_What is being asked_
Reproduce exactly, leaving out pictures, each line from the one holding "Manhattan Island and" through the final line of the listing, and add nothing.
START Information given
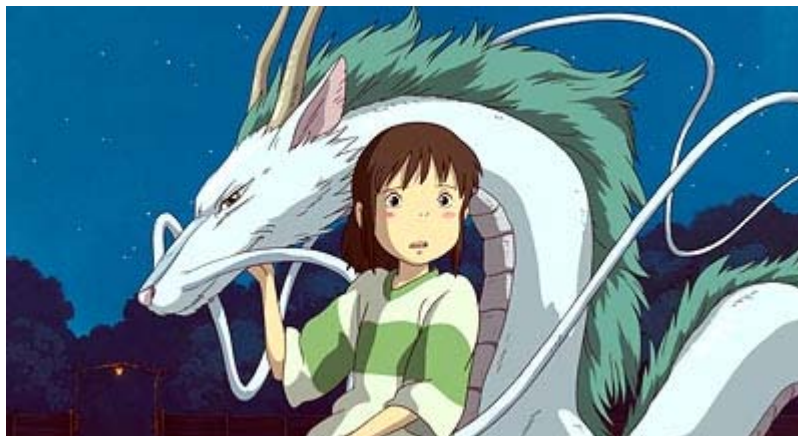
6. Haku as a slender dragon
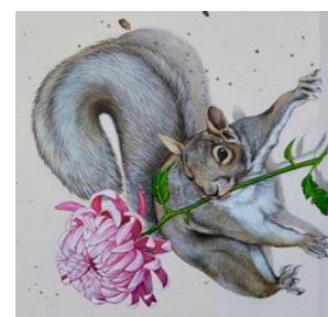
Peninsula floriculture gradually moved southward from San Mateo to Santa Clara County due to the disruption of World War II and increasing real estate prices. Some Japanese and Italian growers settled in Runnymede (modern day East Palo Alto) from the 1930s through the 1950s, pictured above, while Chinese growers, who became more influential after the war, were concentrated around Mountain View. Pressure from cheaper South American imports eventually forced flower growers to abandon the Bay Area for Gilroy and the Monterey Peninsula. By the end of the century most floriculture had left the state. Redwood City commemorated the role of chrysanthemums during its 150th anniversary with a series of wall paintings by artist Jane Kim.
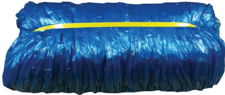
Bundle of Booties

Shoe Cover Refills for: KineticButler Automatic Shoe Cover Dispensers
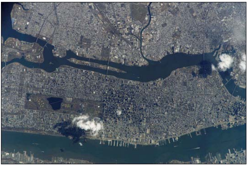
Manhattan Island and its easily recognizable Central Park (center left) are featured in this image. Some of the other New York City boroughs (including parts of Queens and Brooklyn) are also shown, as are two small sections of the New Jersey side of the Hudson River (lower left and lower right). Astronaut photograph ISS010-E-21487 was acquired March 26, 2005, with a Kodak 760C digital camera with an 800 mm lens.

Two of the world's great cities, New York and Beijing, were among those imaged by Leroy Chiao during Expedition 10. Large urban centers such as these serve as global economic, social, and cultural centers. The establishment and growth of cities also alters local and sometimes regional climate patterns, hydrology, and ecology. Replacement of existing soil and vegetation by asphalt and concrete fosters the creation of urban "heat islands," increases surface water runoff, decreases groundwater recharge, and fragments pre-existing ecosystems.
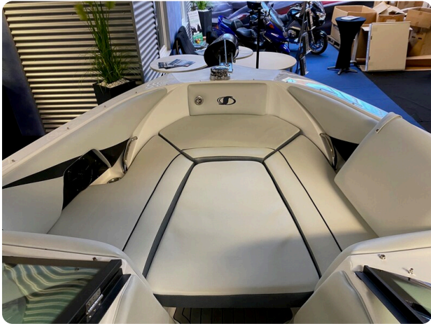
Sensation SXI 230 9
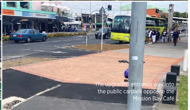
The upgraded entrance way into the public carpark opposite the Mission Bay Café
END Information given
_Result of the task_
Manhattan Island and its easily recognizable Central Park (center left) are featured in this image. Some of the other New York City boroughs (including parts of Queens and Brooklyn) are also shown, as are two small sections of the New Jersey side of the Hudson River (lower left and lower right). Astronaut photograph ISS010-E-21487 was acquired March 26, 2005, with a Kodak 760C digital camera with an 800 mm lens.

Two of the world's great cities, New York and Beijing, were among those imaged by Leroy Chiao during Expedition 10. Large urban centers such as these serve as global economic, social, and cultural centers. The establishment and growth of cities also alters local and sometimes regional climate patterns, hydrology, and ecology. Replacement of existing soil and vegetation by asphalt and concrete fosters the creation of urban "heat islands," increases surface water runoff, decreases groundwater recharge, and fragments pre-existing ecosystems.
Sensation SXI 230 9
The upgraded entrance way into the public carpark opposite the Mission Bay Café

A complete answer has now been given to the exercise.